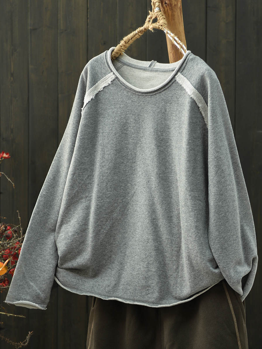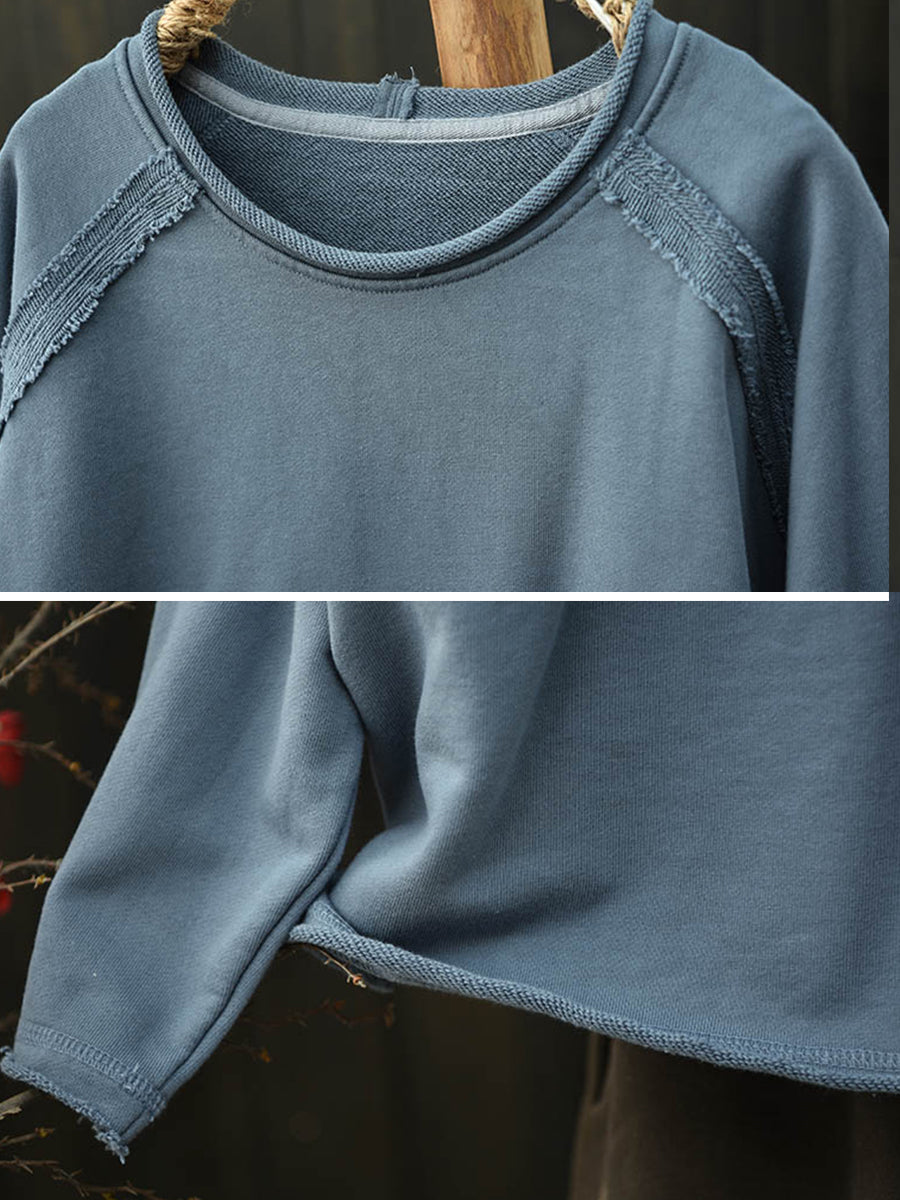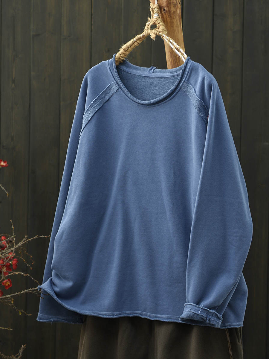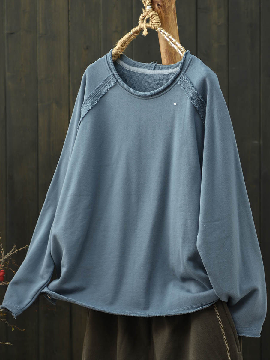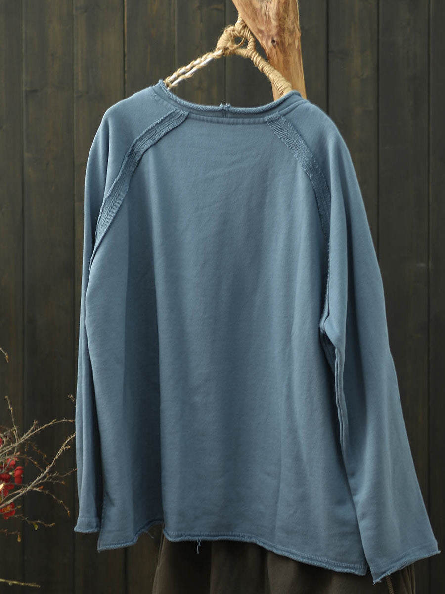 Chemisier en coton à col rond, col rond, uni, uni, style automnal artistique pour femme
########
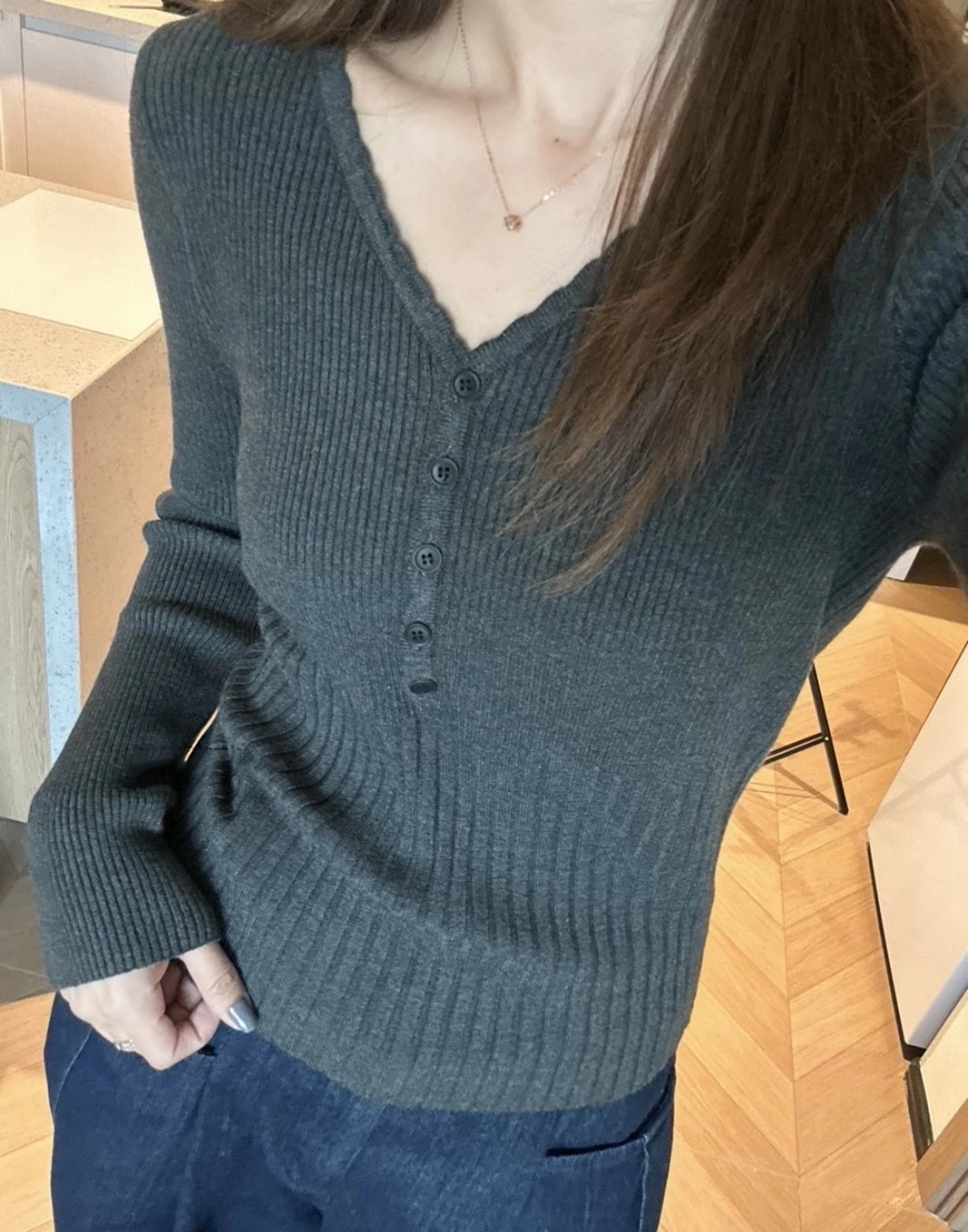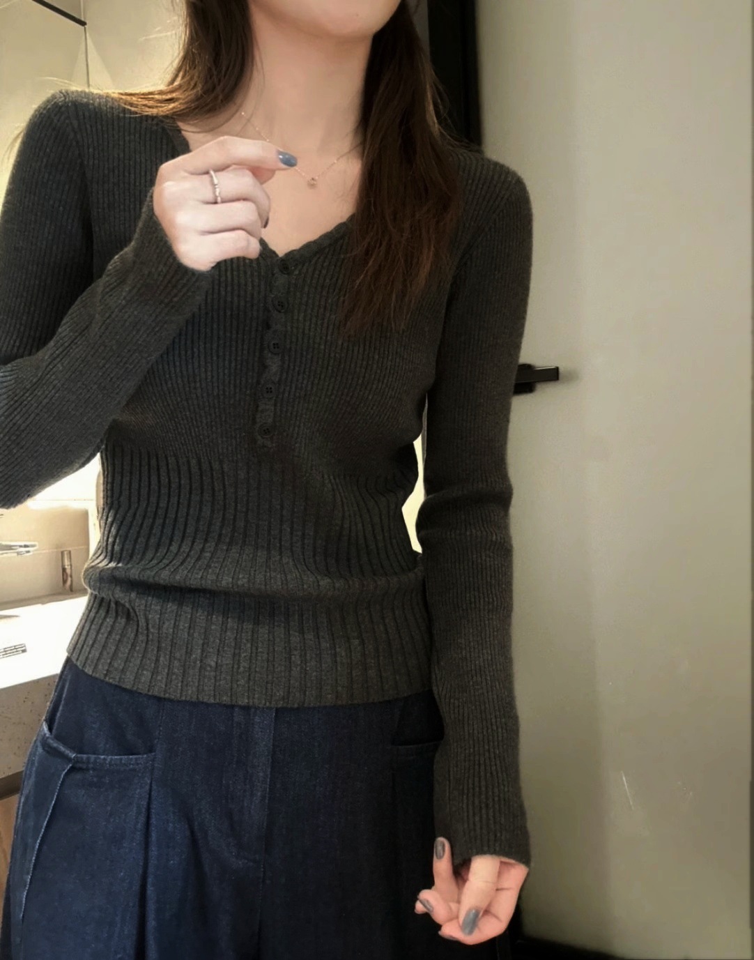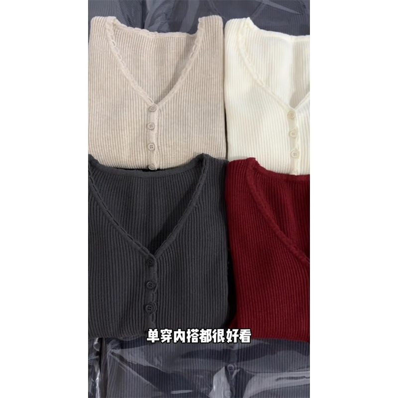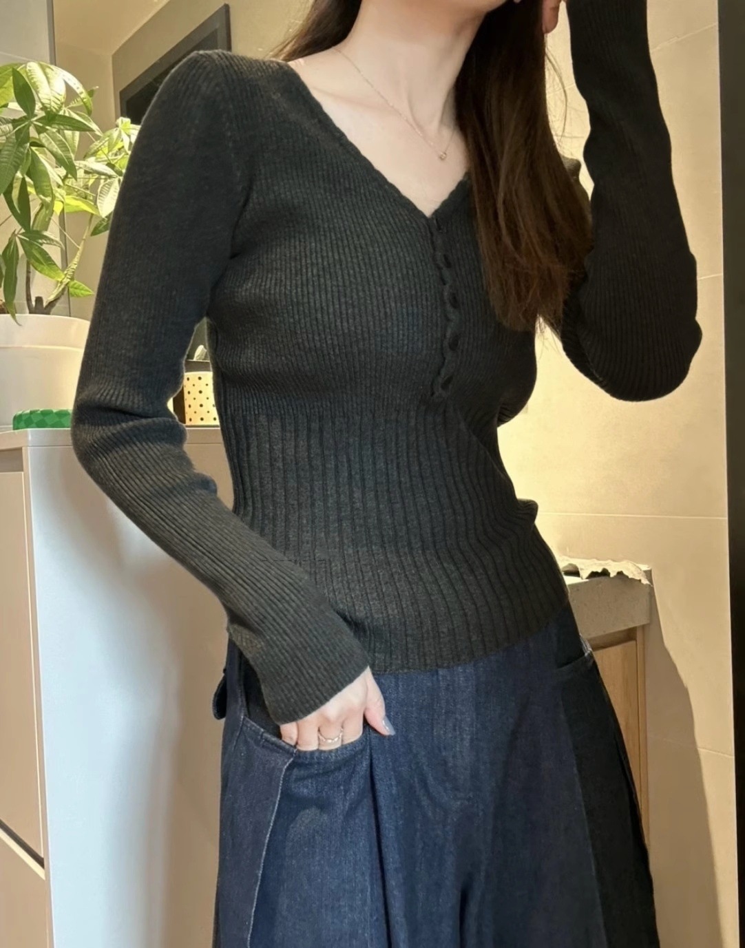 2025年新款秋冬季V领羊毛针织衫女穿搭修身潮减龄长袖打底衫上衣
########
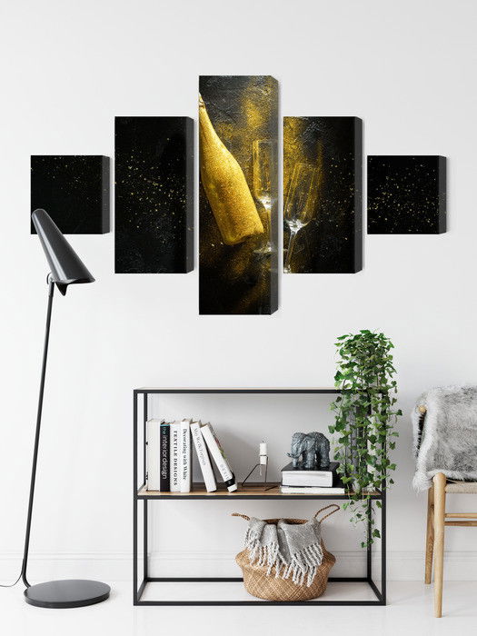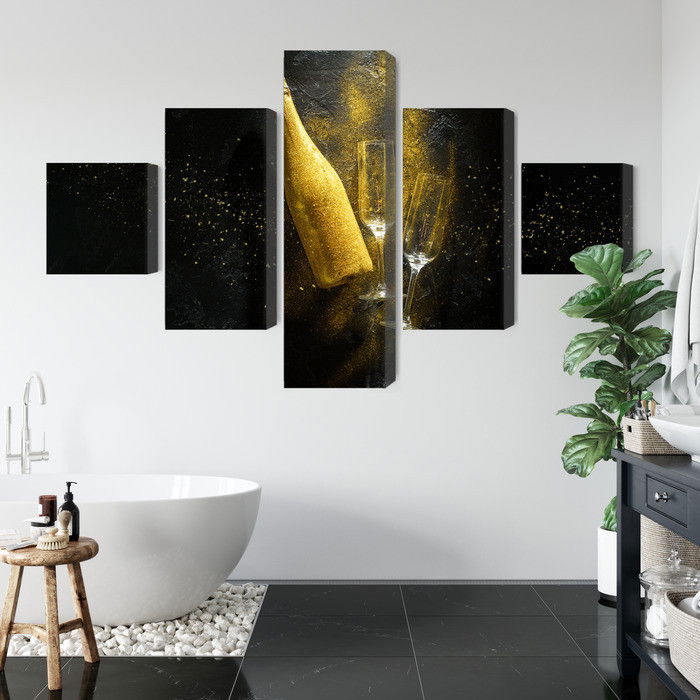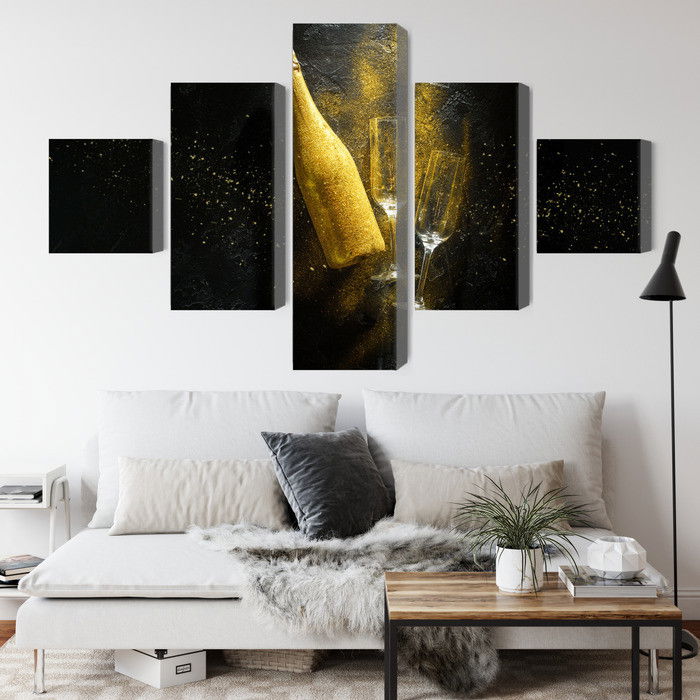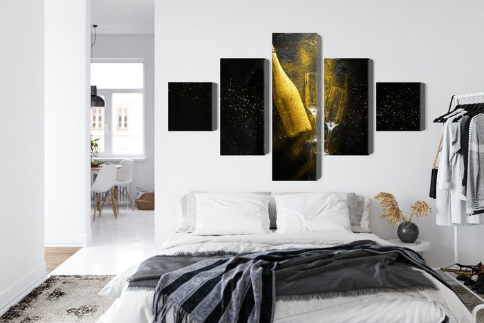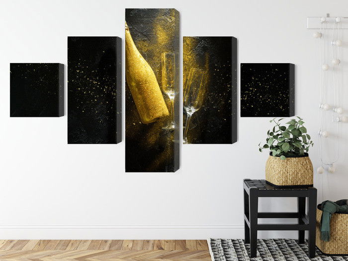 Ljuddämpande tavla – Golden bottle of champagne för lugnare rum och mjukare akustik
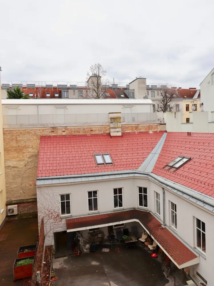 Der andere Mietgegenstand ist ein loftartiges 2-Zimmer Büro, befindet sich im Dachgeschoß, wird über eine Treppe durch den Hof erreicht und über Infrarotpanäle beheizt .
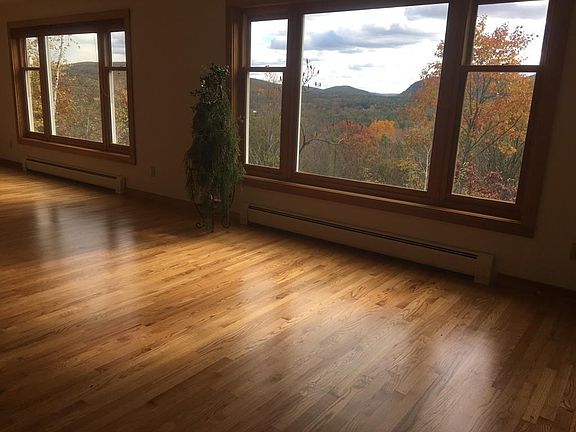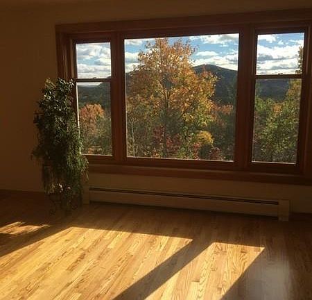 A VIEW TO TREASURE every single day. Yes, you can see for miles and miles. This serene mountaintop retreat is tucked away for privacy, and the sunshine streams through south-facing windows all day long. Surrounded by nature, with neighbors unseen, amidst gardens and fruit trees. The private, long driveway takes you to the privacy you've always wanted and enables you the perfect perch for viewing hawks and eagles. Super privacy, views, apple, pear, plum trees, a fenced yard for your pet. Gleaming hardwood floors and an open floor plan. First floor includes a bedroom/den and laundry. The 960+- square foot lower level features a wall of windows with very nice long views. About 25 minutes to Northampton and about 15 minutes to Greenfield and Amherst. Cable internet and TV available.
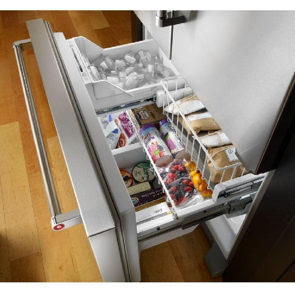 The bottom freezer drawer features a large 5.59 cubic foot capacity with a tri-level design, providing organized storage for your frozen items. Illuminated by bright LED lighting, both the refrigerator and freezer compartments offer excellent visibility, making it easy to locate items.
########
YOUR OBJECTIVE:
What is needed is an exact copy of the lines above from the one with "Der andere Mietgegenstand" to the one with "The bottom freezer", both ends kept, and nothing more; please leave the pictures out.

RESPONSE TO THIS TASK:
 Der andere Mietgegenstand ist ein loftartiges 2-Zimmer Büro, befindet sich im Dachgeschoß, wird über eine Treppe durch den Hof erreicht und über Infrarotpanäle beheizt .
 A VIEW TO TREASURE every single day. Yes, you can see for miles and miles. This serene mountaintop retreat is tucked away for privacy, and the sunshine streams through south-facing windows all day long. Surrounded by nature, with neighbors unseen, amidst gardens and fruit trees. The private, long driveway takes you to the privacy you've always wanted and enables you the perfect perch for viewing hawks and eagles. Super privacy, views, apple, pear, plum trees, a fenced yard for your pet. Gleaming hardwood floors and an open floor plan. First floor includes a bedroom/den and laundry. The 960+- square foot lower level features a wall of windows with very nice long views. About 25 minutes to Northampton and about 15 minutes to Greenfield and Amherst. Cable internet and TV available.
 The bottom freezer drawer features a large 5.59 cubic foot capacity with a tri-level design, providing organized storage for your frozen items. Illuminated by bright LED lighting, both the refrigerator and freezer compartments offer excellent visibility, making it easy to locate items.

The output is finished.